***** RECORDS FOR THIS TASK *****

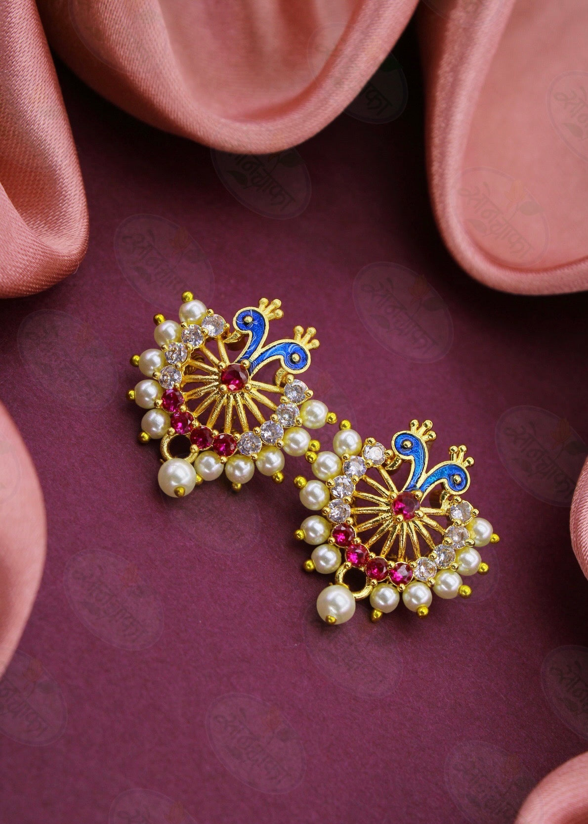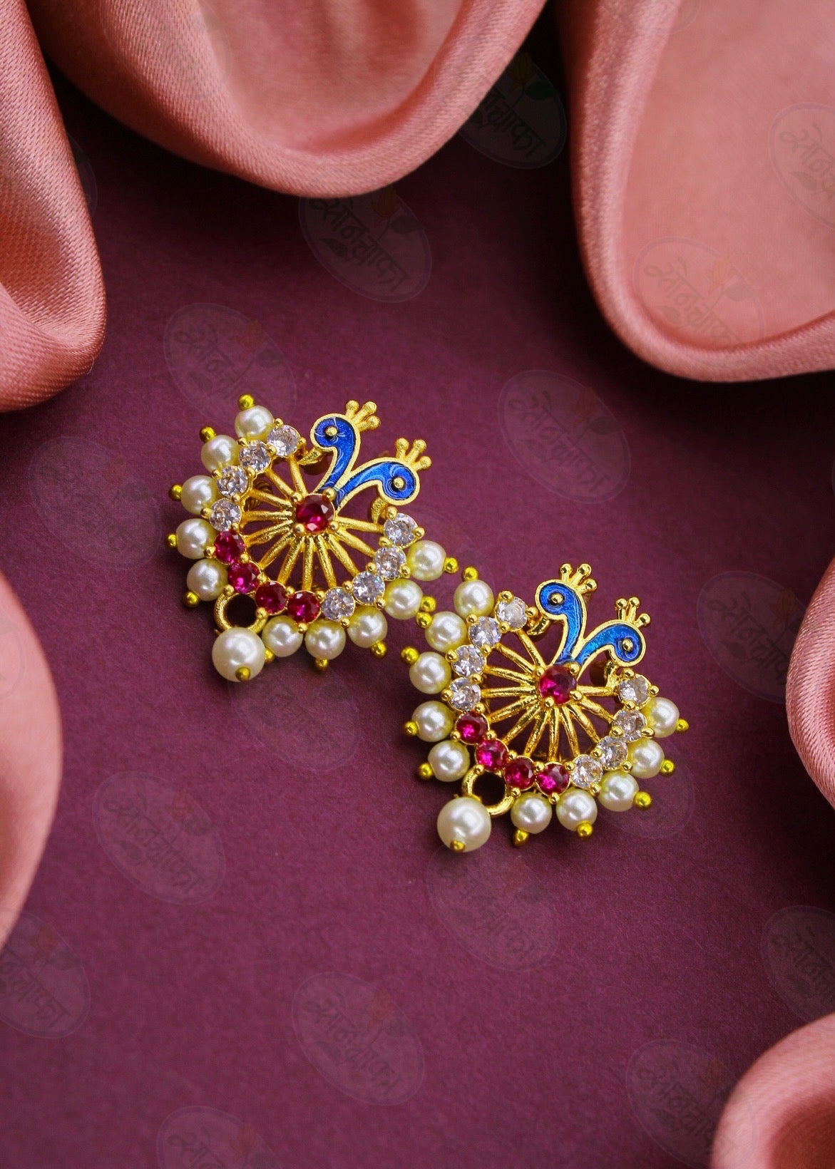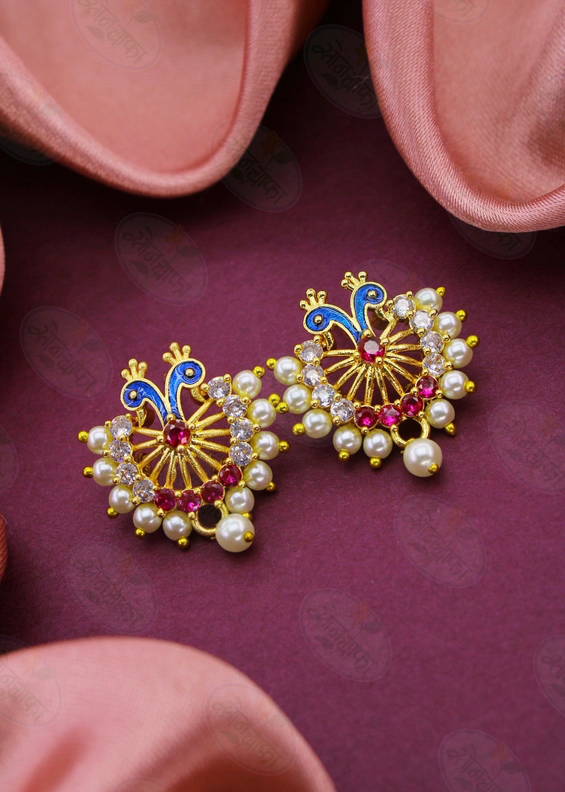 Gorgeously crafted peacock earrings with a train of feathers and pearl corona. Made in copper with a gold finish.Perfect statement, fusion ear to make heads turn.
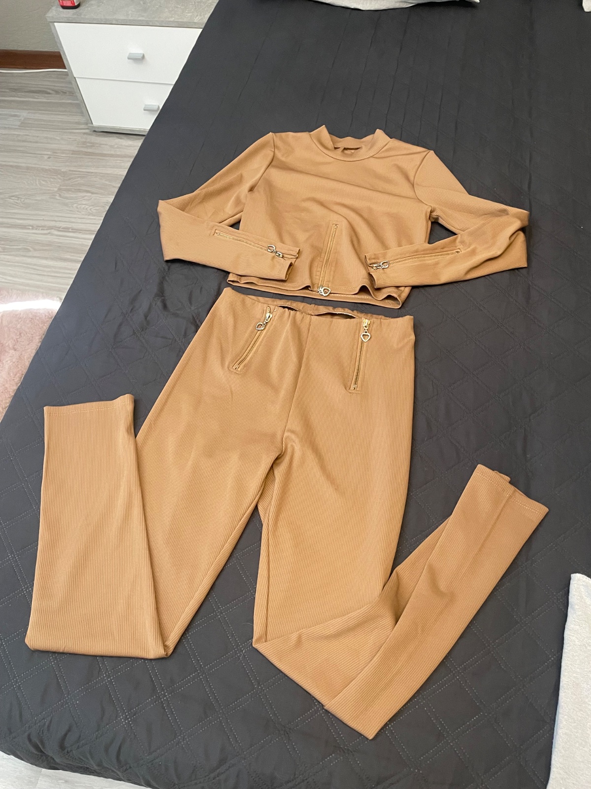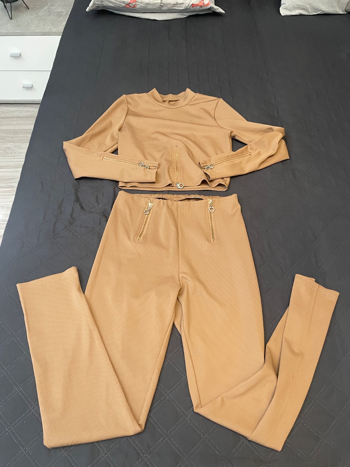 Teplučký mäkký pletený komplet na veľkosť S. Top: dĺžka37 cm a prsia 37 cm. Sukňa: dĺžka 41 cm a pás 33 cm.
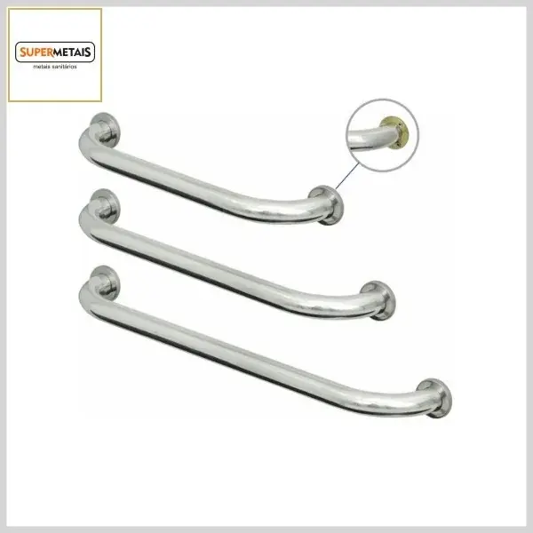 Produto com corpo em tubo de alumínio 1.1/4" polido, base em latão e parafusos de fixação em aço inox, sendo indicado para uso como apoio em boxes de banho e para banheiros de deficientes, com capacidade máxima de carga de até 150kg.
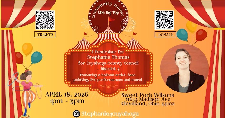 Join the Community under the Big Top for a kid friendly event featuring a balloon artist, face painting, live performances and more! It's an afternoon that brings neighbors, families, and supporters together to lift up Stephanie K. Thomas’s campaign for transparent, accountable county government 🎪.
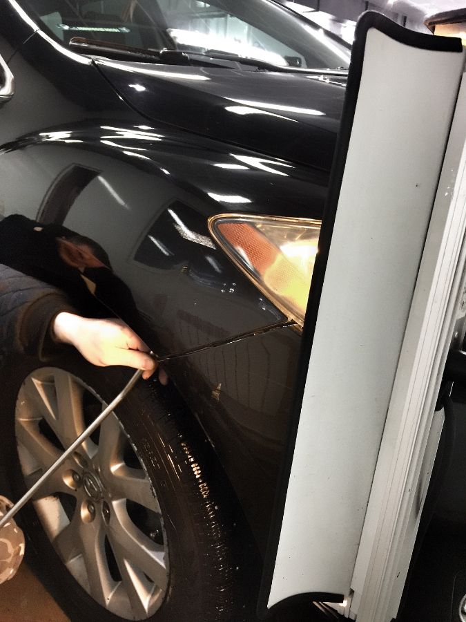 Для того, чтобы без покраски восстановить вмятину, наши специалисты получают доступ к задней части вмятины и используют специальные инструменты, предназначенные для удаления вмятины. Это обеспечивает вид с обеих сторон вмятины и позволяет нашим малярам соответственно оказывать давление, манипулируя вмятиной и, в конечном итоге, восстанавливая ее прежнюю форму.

*****

Keeping both end lines, retype exactly the lines from the first line of the material through the line that contains "Teplučký mäkký pletený", but not the pictures.

REPLY>
 Gorgeously crafted peacock earrings with a train of feathers and pearl corona. Made in copper with a gold finish.Perfect statement, fusion ear to make heads turn.
 Teplučký mäkký pletený komplet na veľkosť S. Top: dĺžka37 cm a prsia 37 cm. Sukňa: dĺžka 41 cm a pás 33 cm.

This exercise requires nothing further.